▶ **Work item**: Your output should be everything below from the line containing "FAZ Одежда для" down to the line containing "12.09.1941 г. был", both ends included, copied exactly, with pictures left out.

▶ **Available records**:
_ _ _ _

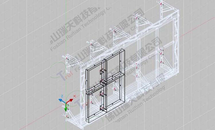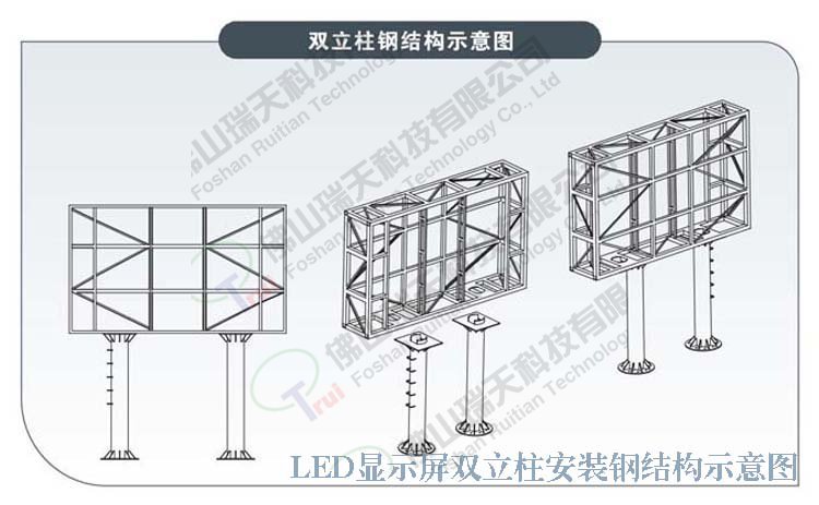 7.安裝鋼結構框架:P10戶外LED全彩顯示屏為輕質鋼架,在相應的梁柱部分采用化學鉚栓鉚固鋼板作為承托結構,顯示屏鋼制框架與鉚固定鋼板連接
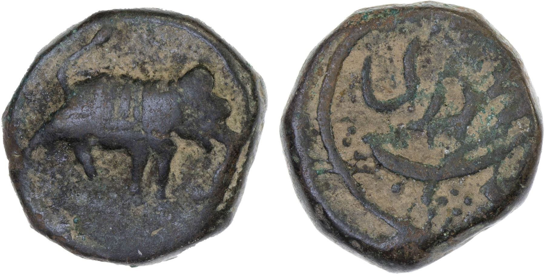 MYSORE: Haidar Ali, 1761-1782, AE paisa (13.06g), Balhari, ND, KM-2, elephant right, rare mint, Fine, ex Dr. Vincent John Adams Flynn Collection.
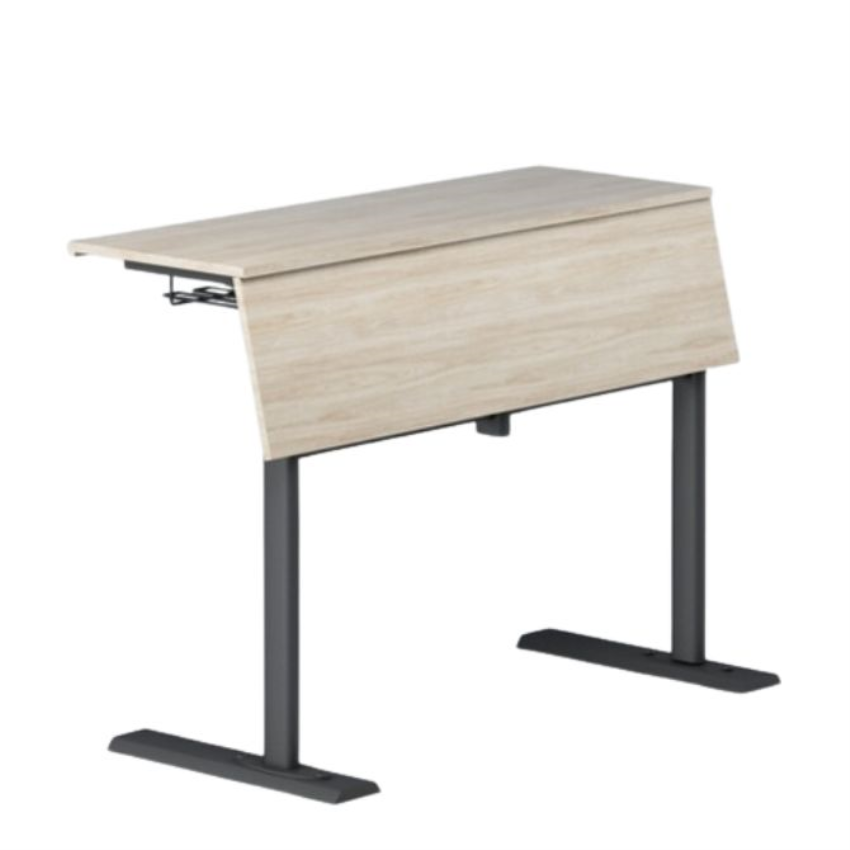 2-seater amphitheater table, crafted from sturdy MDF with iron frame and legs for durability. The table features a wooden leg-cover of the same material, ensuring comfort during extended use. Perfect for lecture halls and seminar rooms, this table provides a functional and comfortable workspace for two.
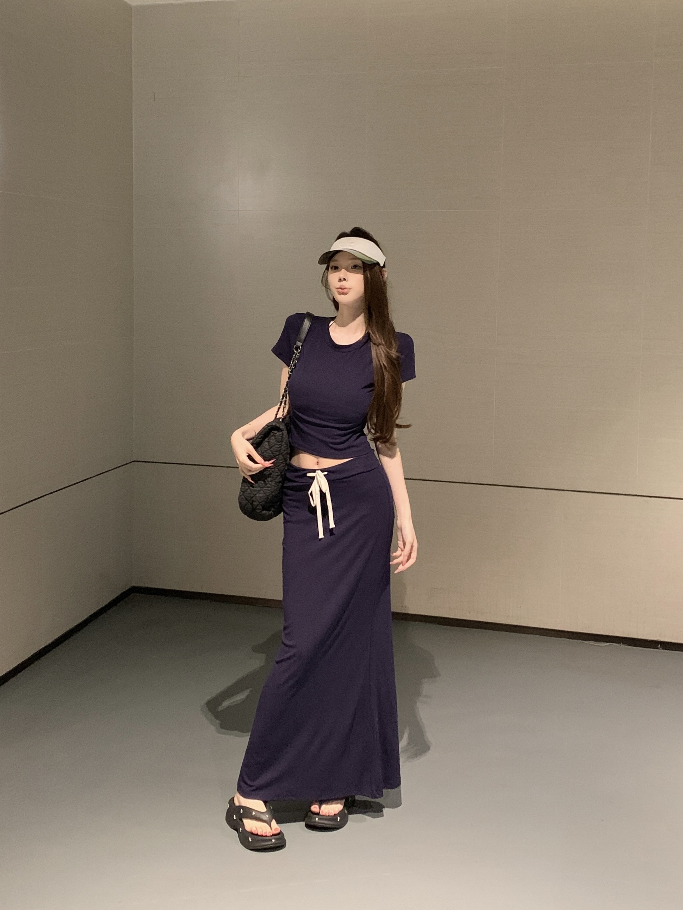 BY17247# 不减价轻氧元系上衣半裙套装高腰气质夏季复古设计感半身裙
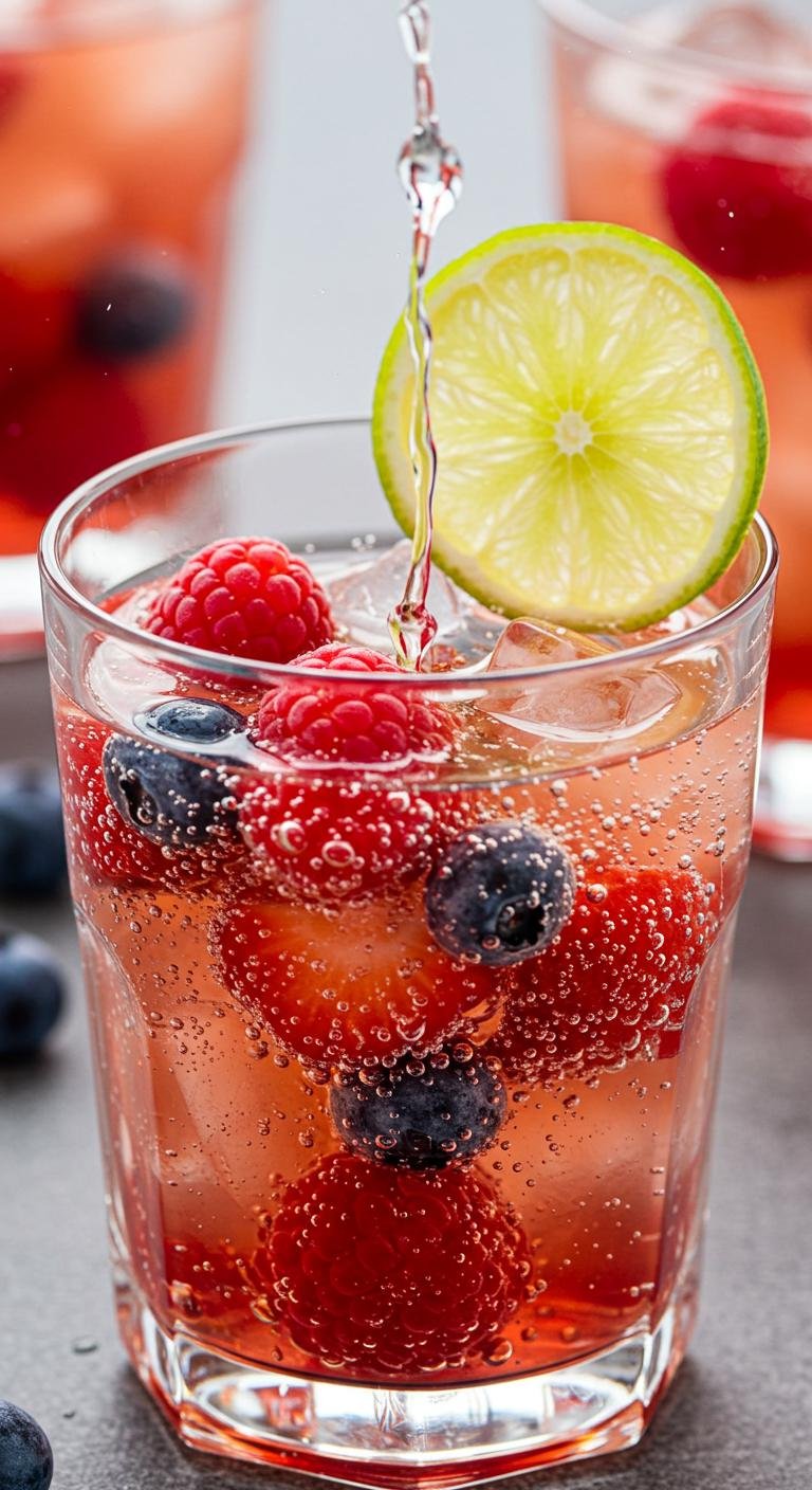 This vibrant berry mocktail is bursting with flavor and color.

_ _ _ _

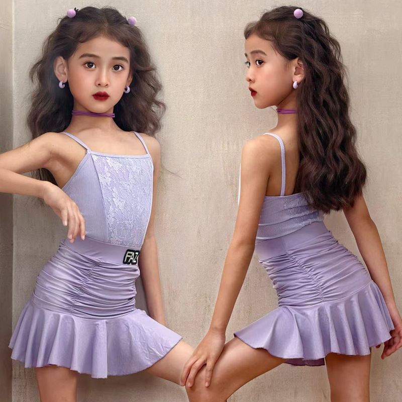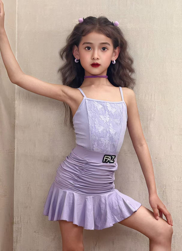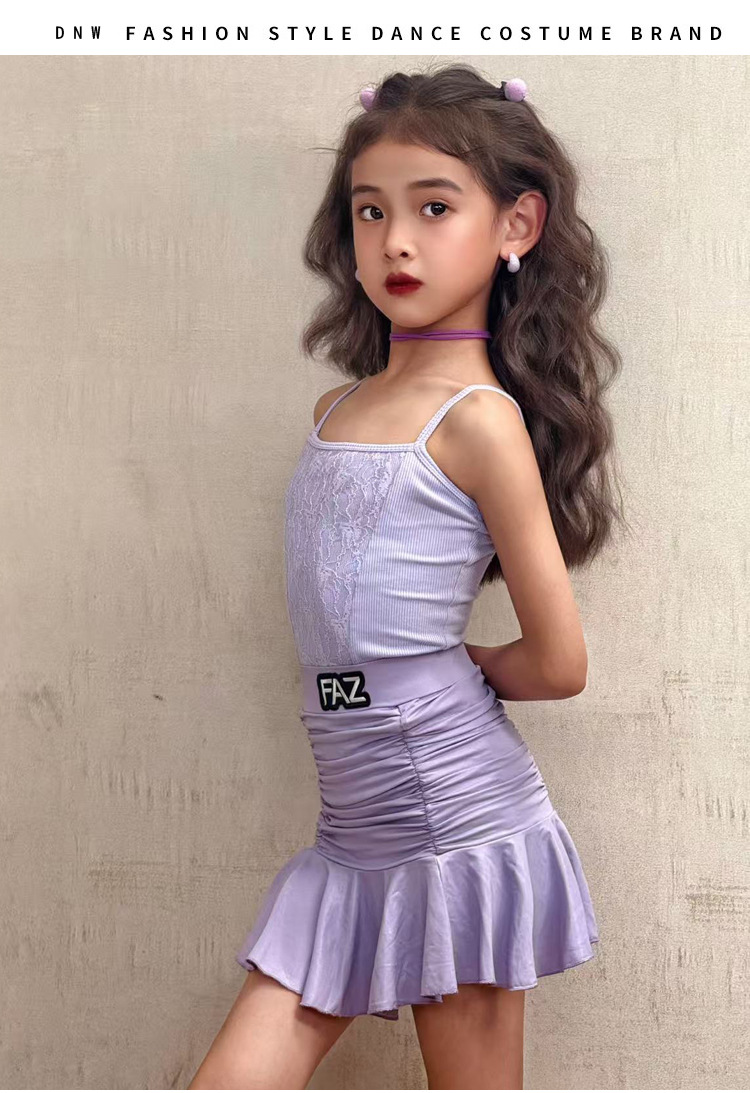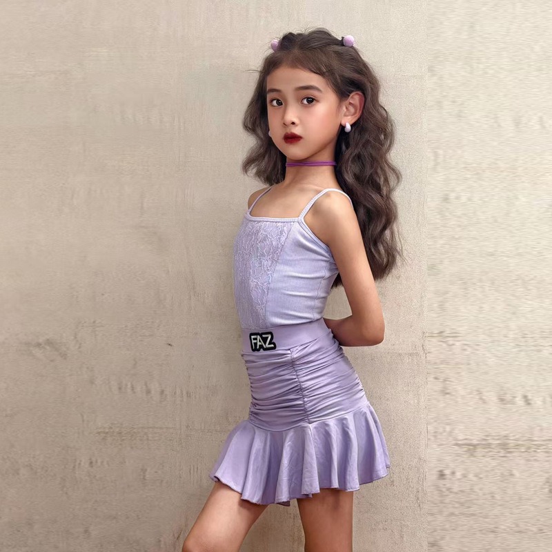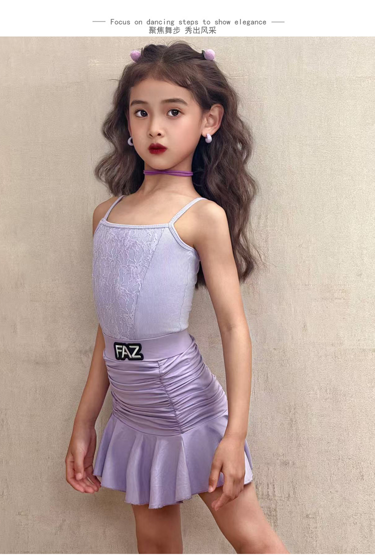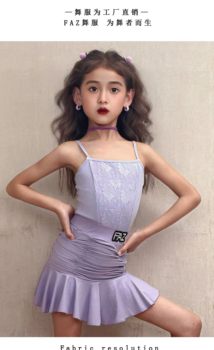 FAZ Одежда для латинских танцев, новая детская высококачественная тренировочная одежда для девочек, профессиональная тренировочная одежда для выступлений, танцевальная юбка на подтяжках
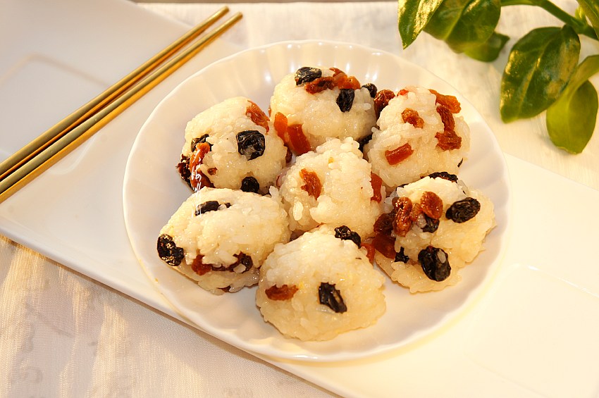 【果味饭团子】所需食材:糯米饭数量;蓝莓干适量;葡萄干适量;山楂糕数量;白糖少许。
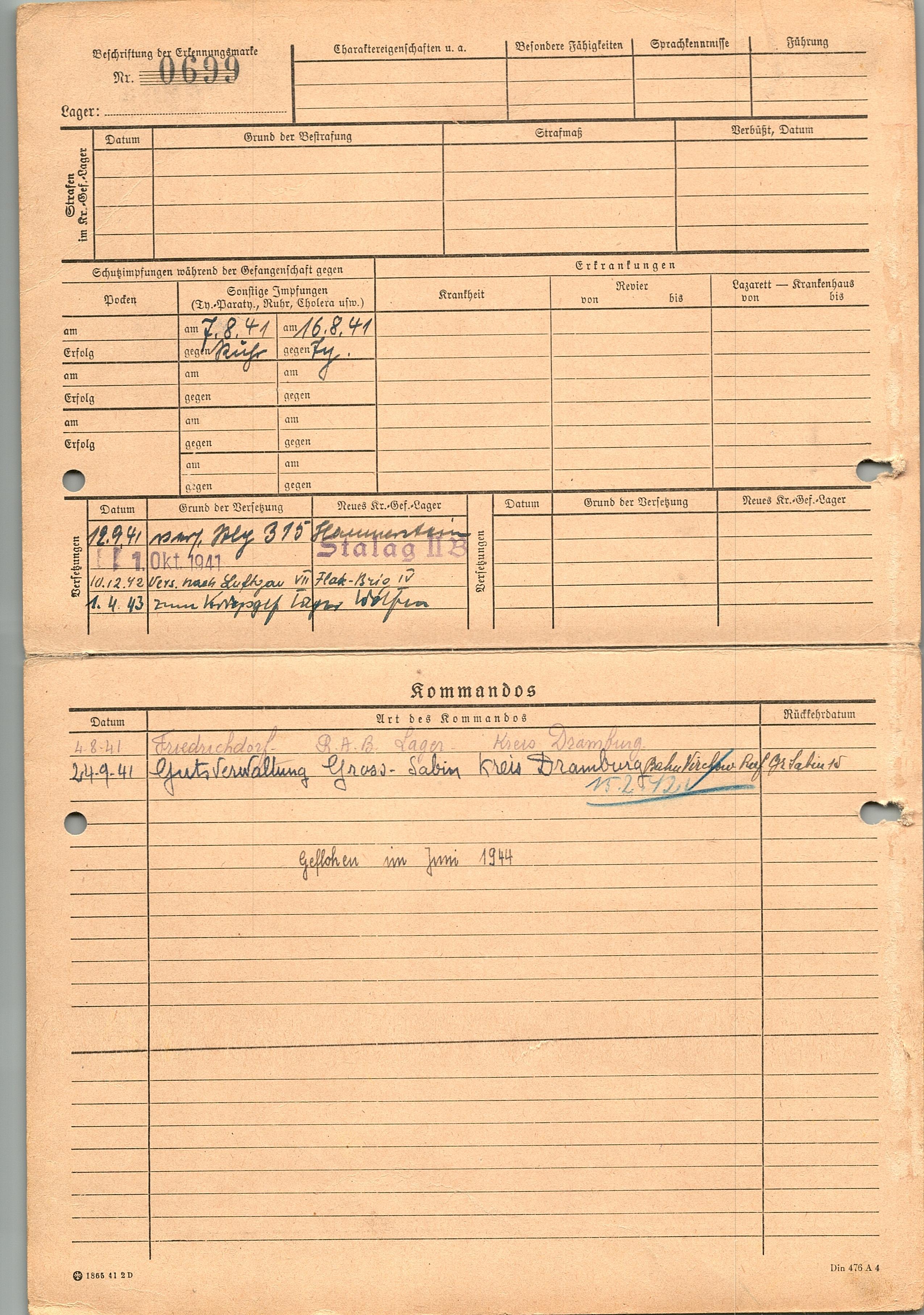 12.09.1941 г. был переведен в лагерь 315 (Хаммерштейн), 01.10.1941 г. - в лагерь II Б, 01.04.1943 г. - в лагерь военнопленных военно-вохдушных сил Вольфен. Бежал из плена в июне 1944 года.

_ _ _ _

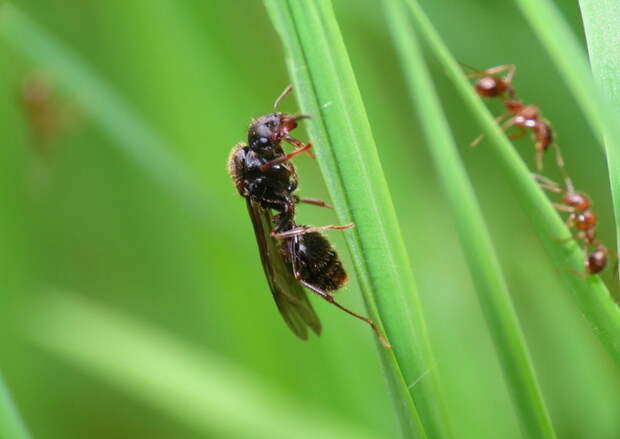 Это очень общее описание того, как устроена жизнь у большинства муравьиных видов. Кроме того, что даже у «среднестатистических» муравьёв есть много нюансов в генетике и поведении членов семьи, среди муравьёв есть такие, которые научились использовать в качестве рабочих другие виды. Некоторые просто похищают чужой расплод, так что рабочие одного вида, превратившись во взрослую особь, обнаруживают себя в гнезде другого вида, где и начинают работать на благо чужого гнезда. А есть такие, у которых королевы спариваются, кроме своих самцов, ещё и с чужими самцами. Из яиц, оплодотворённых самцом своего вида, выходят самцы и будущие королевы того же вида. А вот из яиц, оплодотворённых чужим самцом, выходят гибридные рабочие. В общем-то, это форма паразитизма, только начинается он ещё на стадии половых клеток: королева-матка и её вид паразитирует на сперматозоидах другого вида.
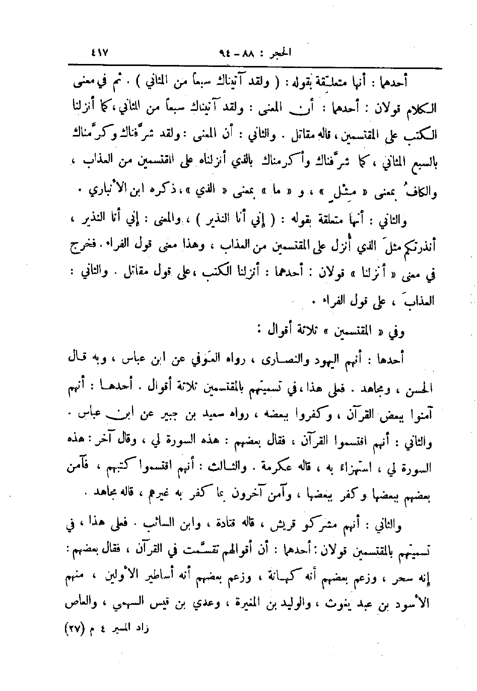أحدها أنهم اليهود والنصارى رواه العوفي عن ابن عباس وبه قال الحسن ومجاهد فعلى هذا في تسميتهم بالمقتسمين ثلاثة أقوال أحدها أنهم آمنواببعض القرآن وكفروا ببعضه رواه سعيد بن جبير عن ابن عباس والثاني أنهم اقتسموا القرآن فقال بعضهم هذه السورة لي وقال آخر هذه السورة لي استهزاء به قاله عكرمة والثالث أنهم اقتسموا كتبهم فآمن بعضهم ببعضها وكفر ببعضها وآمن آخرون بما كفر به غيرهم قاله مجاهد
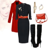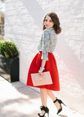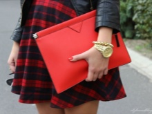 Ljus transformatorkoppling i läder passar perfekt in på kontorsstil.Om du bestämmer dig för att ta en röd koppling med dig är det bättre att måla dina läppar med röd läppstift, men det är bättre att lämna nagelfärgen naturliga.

_ _ _ _

▶ **Expected output**:
 FAZ Одежда для латинских танцев, новая детская высококачественная тренировочная одежда для девочек, профессиональная тренировочная одежда для выступлений, танцевальная юбка на подтяжках
 【果味饭团子】所需食材:糯米饭数量;蓝莓干适量;葡萄干适量;山楂糕数量;白糖少许。
 12.09.1941 г. был переведен в лагерь 315 (Хаммерштейн), 01.10.1941 г. - в лагерь II Б, 01.04.1943 г. - в лагерь военнопленных военно-вохдушных сил Вольфен. Бежал из плена в июне 1944 года.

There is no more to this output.